- Regina Police Service badge
- Patch (i.e. shoulder flash) of the Regina Police Service
- Abbreviation: RPS
- Motto: Vigilius Genus (English: A most vigilant breed)

Agency overview
- Formed: 1892
- Preceding agency: Regina Police Department;

Jurisdictional structure
- Legal jurisdiction: Regina, Saskatchewan, Canada
- Governing body: Regina Board of Police Commissioners
- Constituting instrument: The Police Act, 1990 The Municipal Police Discipline Regulations, 1991;
- General nature: Civilian police;

Operational structure
- Headquarters: 717 Saskatchewan Dr.
- Agency executive: Lorilee Davies, Chief of Police;

Website
- https://www.reginapolice.ca/

= Regina Police Service =

Police branch of Canada

The Regina Police Service (RPS) is the primary police service for the city of Regina, Saskatchewan and holds both municipal and provincial jurisdiction. Formed in 1892, it employs 347 sworn officers and 139 unsworn employees. The current chief of police is Lorilee Davies. Its activities are governed based on The Police Act, 1990 and The Municipal Police Discipline Regulations, 1991.

The RPS has partnerships with the Royal Canadian Mounted Police, Canadian National Railway Police Service and the Canadian Pacific Railway Police Service.

==History==
The RPS can be traced back to 1892 when the city of Regina appointed James Williams to serve as the first town constable. In 1903, R.J. Harwood was appointed as the first Chief Constable, abolishing the town constable position.

In 1931, the first RPS police station was built in Regina by Harold Dawson in an Art Deco style. The service was originally based in City Hall before they moved to the basement of Alexandra School. In 1953, the RPS Headquarters Building at 1770 Halifax Street (turned to the Municipal Justice Building) was expanded in response to demand for more space. In 1962, Smith & Wesson revolvers were issued to the RPS to replace the Colt and Webley revolvers.

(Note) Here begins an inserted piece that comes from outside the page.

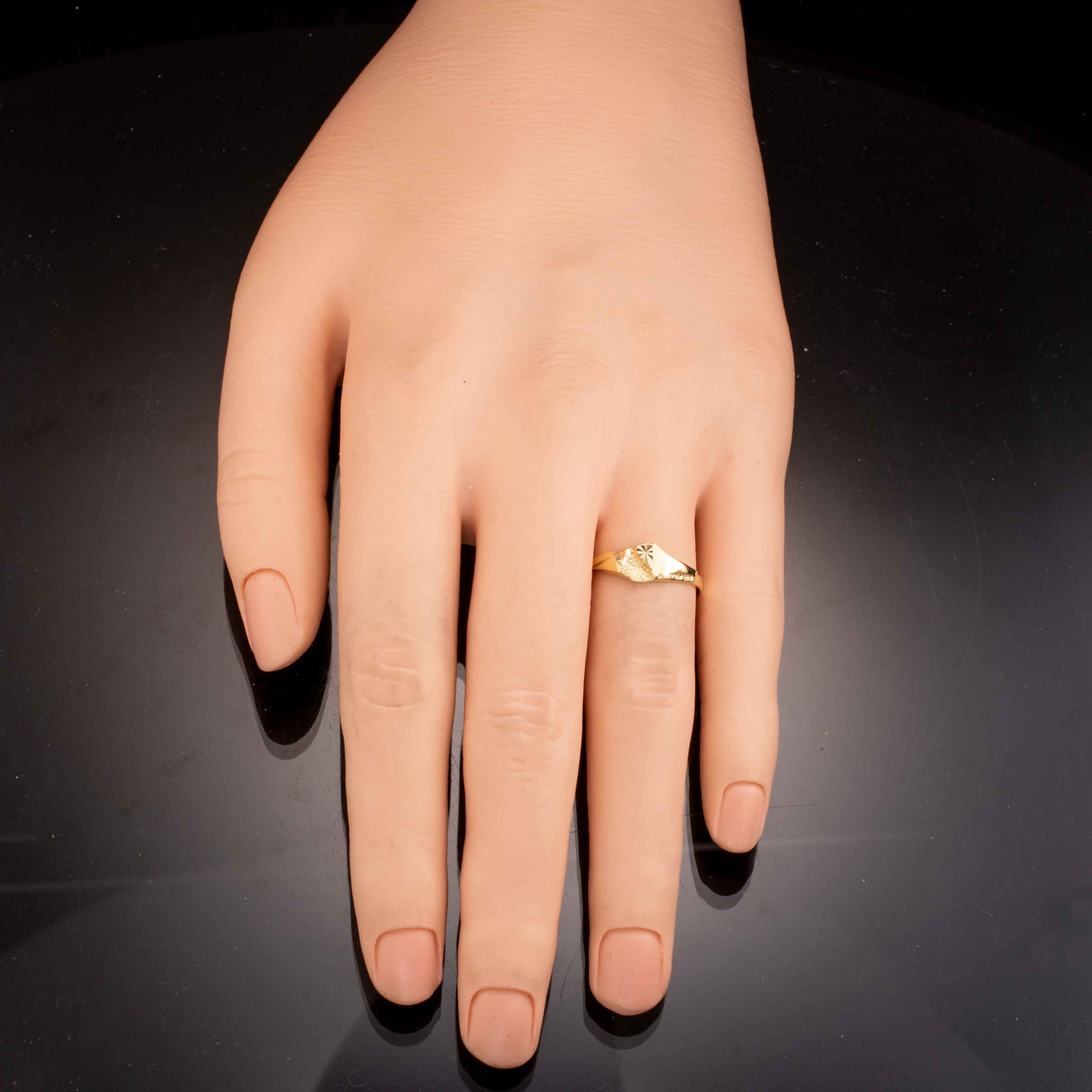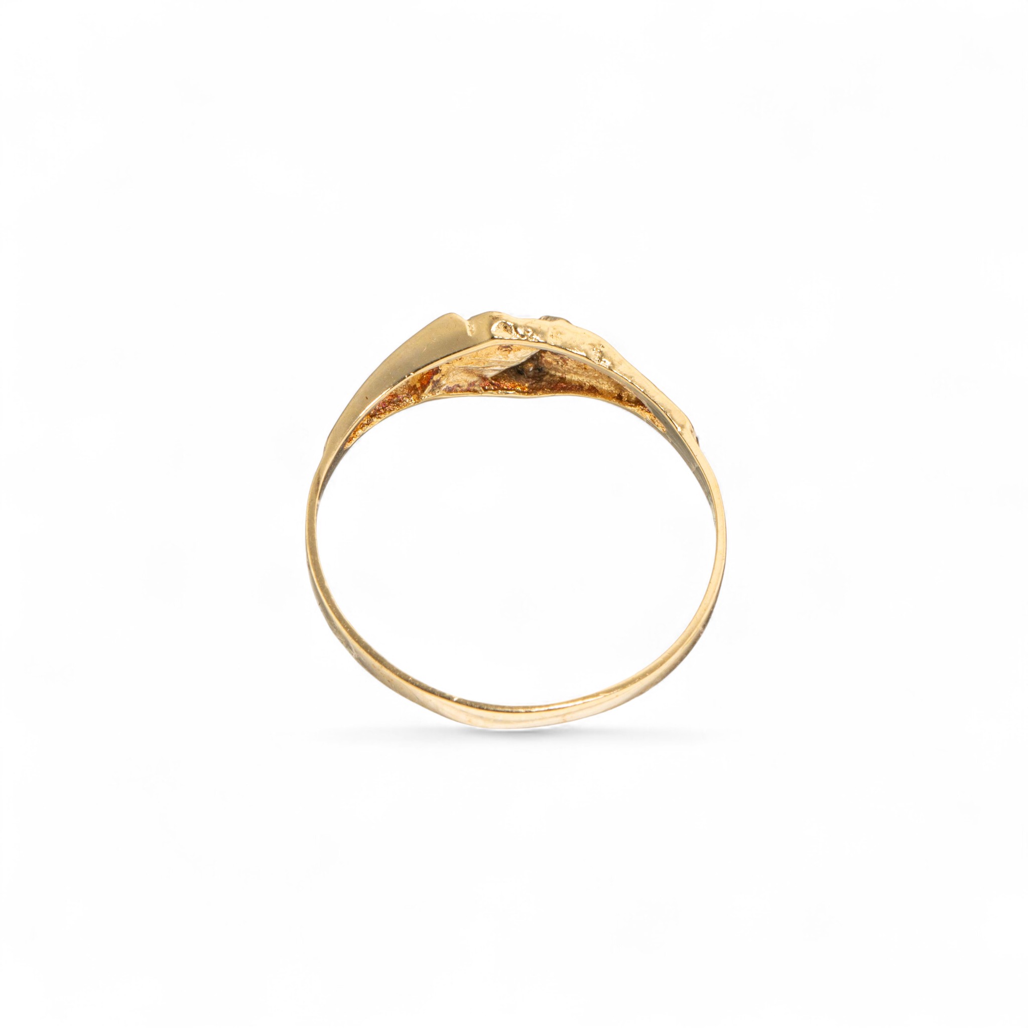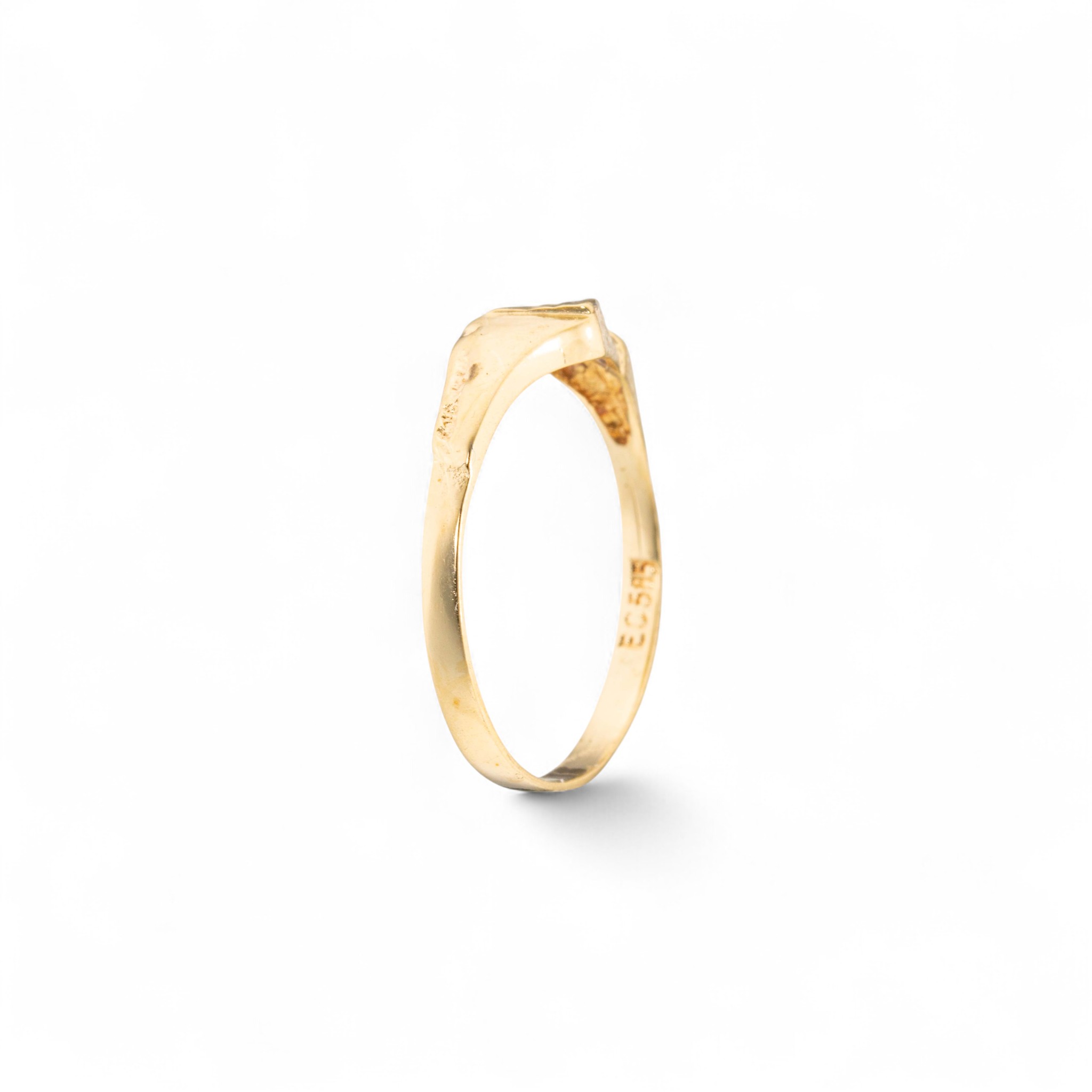 Ring i 14 karat gult gull. Nugget-mønster. Ansvarsmerket “EC” for E. Christophersen. Sandnes. 1900-tallets andre halvdel.
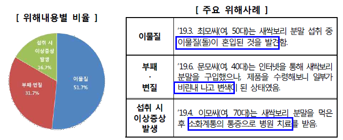 아마도 이물질이나 부패 및 변질된 새싹보리분말 제품이 원인이겠지요.

From September 2000, RPS officers were sent to the United Nations Interim Administration Mission in Kosovo as UN police officers.

In July 2012, the RPS adopted a new badge with the motto Vigilius Genus (A Most Vigilant Breed) used to replace the previous Century of Service, which was adopted in 1992.

In December 2015, the Municipal Justice Building was closed off to be demolished and sold.

In December 2017, the RPS considered purchasing an armored tactical vehicle. In January 2018, Regina City Council announced that they were considering a budget proposal with funding for said vehicle.

In June 2023, the news RPS Headquarters was unveiled in a ceremony, located at 1717 Saskatchewan Dr.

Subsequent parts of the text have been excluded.